A smaller share of mortgage lenders in 2023 say they have deployed artificial intelligence (AI) and machine learning (ML) within their business operations compared to five years ago, according to a recent report from Fannie Mae.
The findings come from a survey of 242 senior executives representing 219 lending institutions nationwide. The survey, which specifically inquires about business practices tied to AI and ML within the mortgage industry, is a new iteration of one that Fannie Mae’s Economic and Strategic Research Group performed in 2018.
Familiarity with AI and ML has stayed consistent over the past five years, with almost two-thirds of mortgage executives saying they are “very familiar” or “somewhat familiar” with the technology. Sixty-three percent of survey respondents indicated some level of familiarity in 2018, with that share growing by two percentage points this year.

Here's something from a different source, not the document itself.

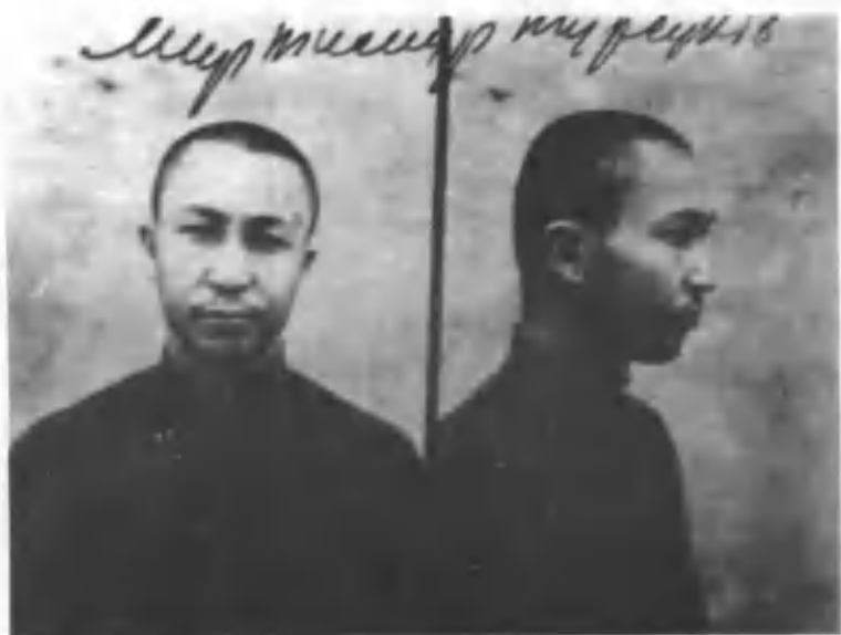
Миртемирнинг қамоқхонада олинган сурати. 1932 йил.

But only 7% of this year’s survey respondents said that their company has deployed AI solutions into its current mortgage process. Interestingly, that’s down substantially from a 14% share in 2018. But 22% of respondents said that their companies have begun to deploy AI and ML solutions on a limited or trial basis, up 9 percentage points in five years. Taken together, 30% reported having deployed AI technology on at least a limited basis in 2023, compared to 27% in 2018.
Forty-one percent said their companies were “investigating” AI and ML solutions but have yet to utilize them. That’s up from 36% in 2018.
Notably, the focus of AI adoption among mortgage companies appears to have solidified toward the improvement of operational efficiency. Some 42% of respondents in 2018 said that improving operational efficiency was their firm’s primary objective in pursuing AI adoption, the largest share among all responses. But in 2023, this share skyrocketed to 73%. Meanwhile, enhancing the borrower experience, which garnered 41% of the share in 2018, plummeted to only 7% this year.
When it comes to impediments to AI adoption, most survey participants cited the difficulty of assimilating the nascent tech with their current systems, mirroring results from the 2018 survey. In 2018, 50% said that the complexity of integrating AI/ML apps within their existing infrastructure was either the largest or second-largest challenge involved in implementation. That share decreased by 2 percentage points this year, although it still received the most responses among a list of barriers to AI adoption.
The lack of a proven track record of success garnered the second-most responses in 2023, with 35% citing it as the largest or second-largest challenge, followed by high costs at 24%. Concerns with data security and privacy jumped from 10% of responses in 2018 to 22% this year as lenders and other financial institutions continue to grapple with the challenge of keeping sensitive consumer information secure from increasingly sophisticated digital attacks.